The DVD features 22 live performances spanning the entire career of The Clash narrated by former collaborator and Grammy award-winning producer Don Letts. All of The Clash’s biggest hits performed live in various settings and at different times in their career are here such as; "London Calling," "White Riot," "Train in Vain," "I Fought the Law" and "Should I Stay Or Should I Go," Hit-single "Rock The Casbah" and many tracks off the quintessential ‘Clash album, London Calling, were mysteriously omitted from the track listing. The best performance is "Career Opportunities" from 1981’s tour with The Who at New York’s Shea Stadium.
In between live performances, Letts provides commentary about the history of The Clash, discussing the band’s beginnings in the early punk scene to its final live performances. The DVD also sheds light on a situation that occurred in New York in the 1980s when promoters overbooked a small venue for The Clash’s four day long gig. While most bands would have left after the four-day stay, The Clash stayed to accommodate their fans and added a week-long schedule of shows in addition to what they already agreed to play.
The commentary and content between performances are brief and introductory at best. Letts never goes into much detail about the history of the band, providing the viewer only a slight glimpse into the world of The Clash. The DVD gives little attention to the band’s breakup or legacy.
Most of us weren’t even alive to witness The Clash’s storied career. The Clash was Mick Jones (guitar), Topper Headon (drums), Paul Simonon (bass) and the late-great Joe Strummer (guitar/vocals). The Clash was the first punk band to break away from the genre’s strict and confining rules. The band incorporated dance hall/disco tempos, reggae, ska and jazz in their UK-rock sound. Their being the first punk band to delve into this type of experimentation opened the doors for future bands to think outside the box.
The Clash also pioneered intelligent politics in punk rock. A message to the music always came across in Strummer’s simple yet effective lyrics. While the Sex Pistols were advocating anarchy, The Clash supported smart, leftist politics. They always stayed true to their ethos, insisting on cheap ticket prices to their shows and reasonably priced albums.

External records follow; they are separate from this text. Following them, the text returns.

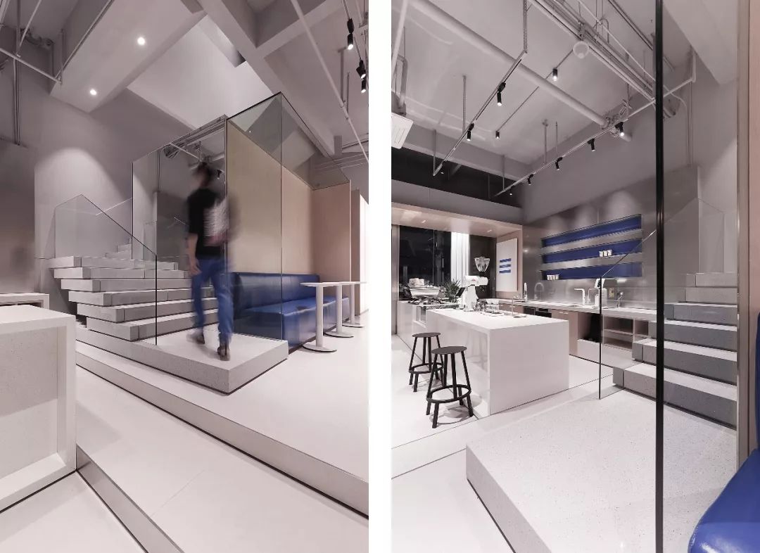 绿植区相对应得则是通往二层办公空间的楼梯,介于楼梯的必然存在,我们把楼梯作为室内空间的装饰品去处理,以方块叠砌的形式制作,配合镜面的延伸使其和卫生间墙身相互融合,从而演变成一个在店内夺目的装饰。楼梯不被孤立 与空间体块完美融合▼
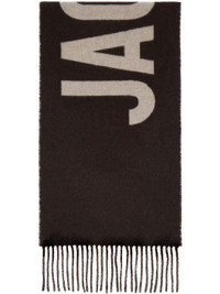 Rectangular knit wool scarf. · Jacquard logo at face · Fringed detailing at ends · L80.25" x W14" Supplier color: Multi-brown 100% wool. Made in Italy 252553F028001
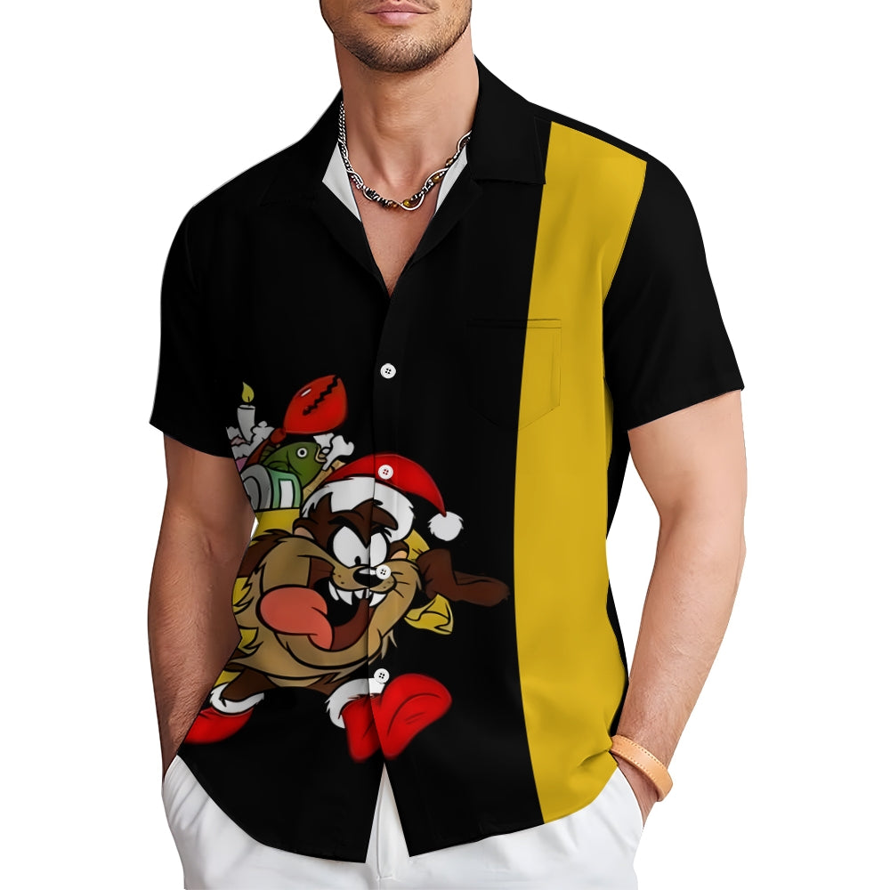 Cartoon Character Christmas Gift Print Chest Pocket Short Sleeve Shirt 2410007970
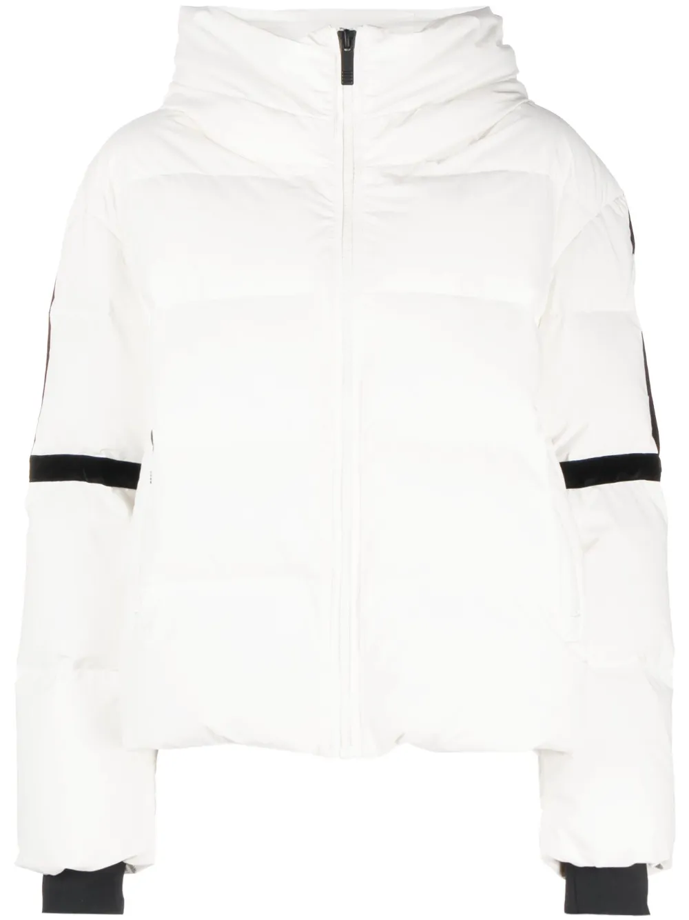 blanc/noir duvet design matelassé design matelassé patch logo sur le côté col cheminée capuche classique fermeture zippée devant manches longues poignets élastiqués poche zippée sur la manche poche intérieure poches latérales zippées jupe intégrée ourlet droit

Bob Marley, Bruce Springsteen and Bob Dylan were all noted fans of The Clash. Most modern rock bands can pay homage to the influence and legacy of The Clash, especially bands such as Green Day and Rancid. Strummer will arguably be remembered as one the most beloved and talented songwriters of all time.
The DVD runs only 81 minutes, with bonus features limited to interviews with NBC’s Tom Snyder from 1981. The 22 live performance videos are entertaining and provide this generation an opportunity to see the band perform, but otherwise the DVD comes up short.
The lack of in-depth bonus features and commentary make for a rather incomplete DVD, keeping The Clash Live: Revolution Rock from reaching the documentary-style status its marketing endeavors painted it to be.
If you’re an avid Clash fan or are new to the band, The Clash Live: Revolution Rock is a nice addition but far from being an essential DVD for the band.